Abstract
PURPOSE
Breast cancer screening is not recommended for young women (< 40 years old); therefore, those diagnosed are more likely to have advanced and metastatic disease, reducing treatment outcomes. This study aimed to investigate breast cancer epidemiology among young women in Brazil.
METHODS
Data from three publicly available databases and a cohort from a university hospital in Brazil were analyzed in a retrospective study. Descriptive statistics was performed on disease prevalence and stage distribution across age groups. Incidence was estimated using age-standardized incidence ratio. The impact of age in disease-specific survival was also analyzed.
RESULTS
Invasive breast cancer prevalence data by age group revealed that 4.4% and 20.6% of patients were < 35 and < 45 years old, respectively. In the United States, this prevalence was 1.85% and 11.5%, respectively (odds ratio [OR], 2.2; P < .0001). The percentage of regional and metastatic diseases were higher in São Paulo State (Fundação Oncocentro de São Paulo [FOSP]) compared with the United States (45% and 9.8% v 29% and 5.7%, respectively; P < .0001). In FOSP, regional and metastatic disease prevalence were higher among young patients (53.5% and 11.3%, respectively). The median tumor size in patients < 40 years old was higher (25.0 mm × 20.9 mm; P < .0001), and young patients have higher risk to be diagnosed with positive lymph nodes (OR, 1.5; P = .004) and higher proportion of luminal-B and triple-negative (TNBC) tumors. Young patients have a poor disease-specific survival because of late-stage diagnosis and more aggressive breast cancer subtypes (human epidermal growth factor receptor 2–enriched and TNBC) (P < .0001).
CONCLUSION
In Brazil, breast cancer prevalence among young patients and late-stage incidence during this age span is higher. Advanced disease and more aggressive subtypes lead to a significant impact on breast cancer-specific survival in young patients.
INTRODUCTION
Breast cancer is the leading malignancy affecting women worldwide.1 The probability of developing breast cancer increases with age, and the incidence of the disease is reported as uncommon in women younger than 40 years.2 According to the US SEER database staging system, the median age at diagnosis is 62 years, and the prevalence in patients < 35 years and between 35 and 45 years of age is 1.9% and 8.4%, respectively.3
CONTEXT
Key Objective
This study aimed to explore the incidence, characteristics at presentation, and outcomes of breast cancer in young women in Brazil.

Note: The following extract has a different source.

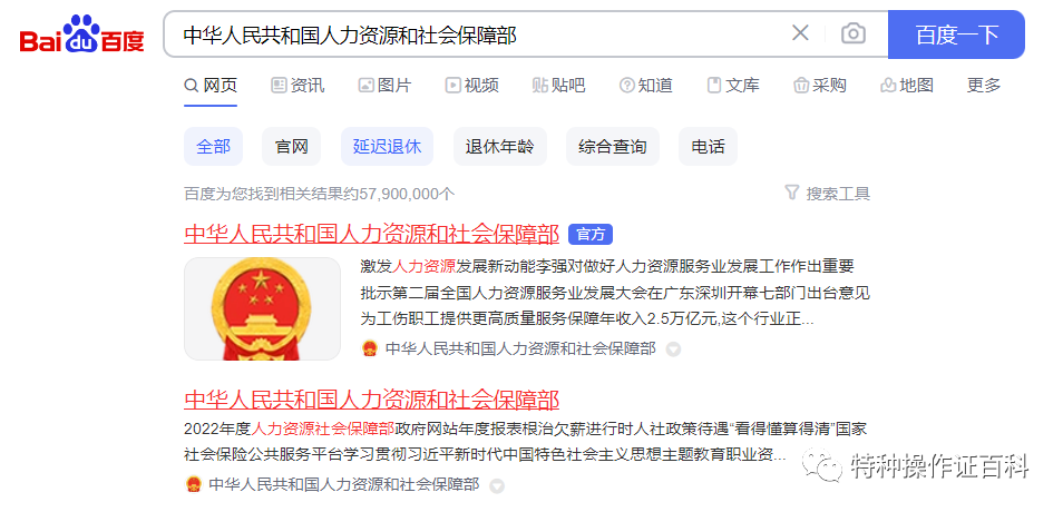 第一步百度《中华人民共和国人力资源和社会保障部》

We performed epidemiological data analysis of three breast cancer databases from Brazil and have made comparisons with the US SEER database staging system.
Knowledge Generated
We observed a higher prevalence of breast cancer in young women (< 40 years old) in Brazil. Based on age-adjusted incidence, our results support the fact that the higher prevalence is because of a higher incidence. Young patients had more aggressive subtypes and higher risk of being diagnosed with advanced and metastatic tumors. Late diagnosis and the higher prevalence of triple-negative and human epidermal growth factor receptor 2 (HER2)–positive tumors in young patients are associated with worse disease-specific survival.
Relevance
Clinical-pathological characteristics of breast cancer in young women lead to significant impact on disease-specific survival. These findings add important information for public health planners and reinforce the need to identify specific surveillance and screening policies in young women.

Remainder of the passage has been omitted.